Gage nodded, conveying with his actor’s range of expressions both his pleasure in seeing Kerry, and the sadness of this particular memory. “Since Roger Bannon’s passing,” he said solemnly. “A lot has happened in these few weeks.”
Kerry saw no reason to replicate Gage’s mournful aura. Pleasantly, he said, “It surely has. Now and then I realize how long it’s been since I’ve last seen my old friends.”
This veiled jibe—a reference to Gage’s long-distance war against Caroline Masters, marked by their absence of contact—induced in Gage a shrewd, appraising look. “My fault, Mr. President, no doubt about it. I haven’t wanted to impose myself. But we’re overdue for a visit.”
“I certainly agree.”
At this comment, a shade more pointed in tone, Gage leaned forward, closing the space between Kerry and himself. It was an old Senate trick—Gage using his bulk to assert dominance—and it conveyed without words that they were engaged in a struggle for power. “Overdue,” Gage repeated. “And now we have a problem.”
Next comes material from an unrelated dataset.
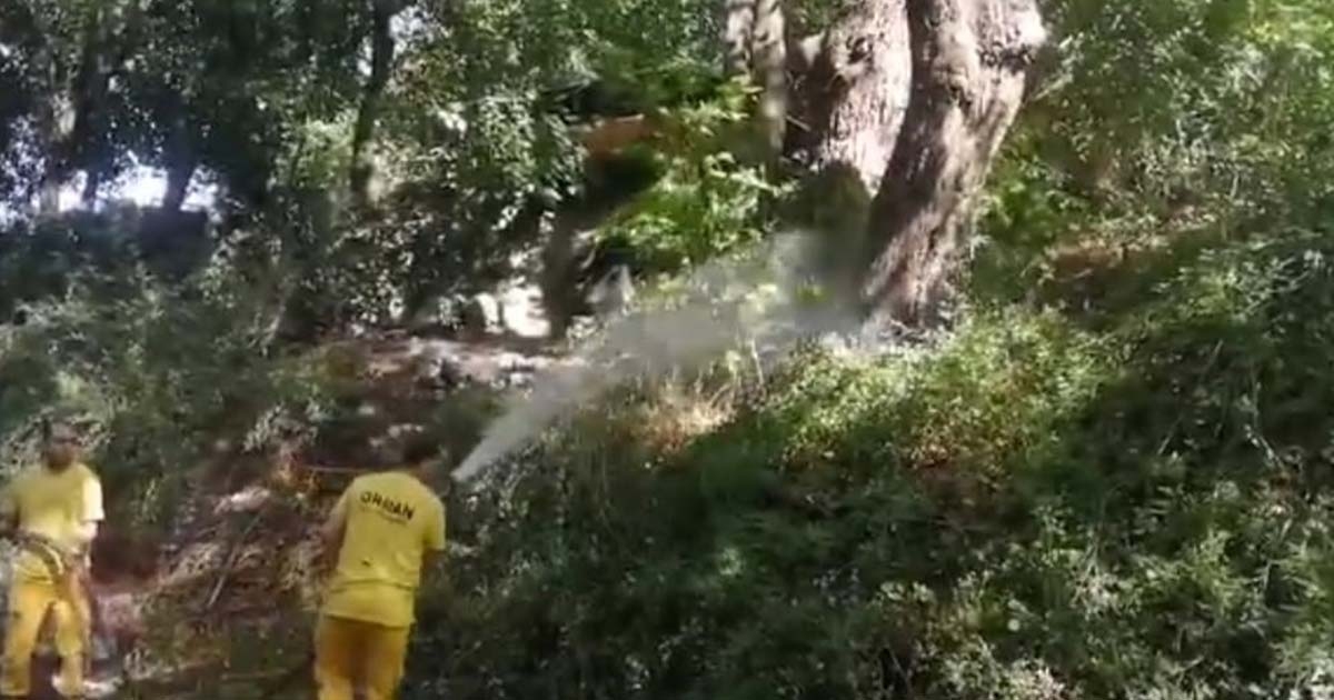 Muğla’nın Köyceğiz ilçesinde Turunçgil zararlısı uzun antenli böcek ile mücadele kapsamında Yuvarlakçay kenarında bulunan ve böceklerin konakladığı çınar ağaçlarına biyolojik preparat uygulandı.

Kerry smiled. “Which one?”
Gage’s eyes widened, conveying mock surprise. “Why Caroline Masters, Mr. President.” His voice was soft. “The Honorable Caroline Masters.”
“Well,” the President answered, “she’s certainly that.”
Over the smallest of smiles, Gage’s eyes were combative. “It depends on your point of view.” He paused, his tone becoming reflective, statesmanlike. “She’s turned into plutonium, Mr. President. We’re about to invest a lot of resources in a contentious battle over whether she should lead the Court. No matter how it turns out—and I’m confident I know how—it will leave a legacy of rancor which will taint everything else the Senate tries to do.” Gage leaned closer, looking into Kerry’s eyes; but for his new status, the President sensed, Gage would have put a hand on his shoulder. “And for what, Mr. President? For what?”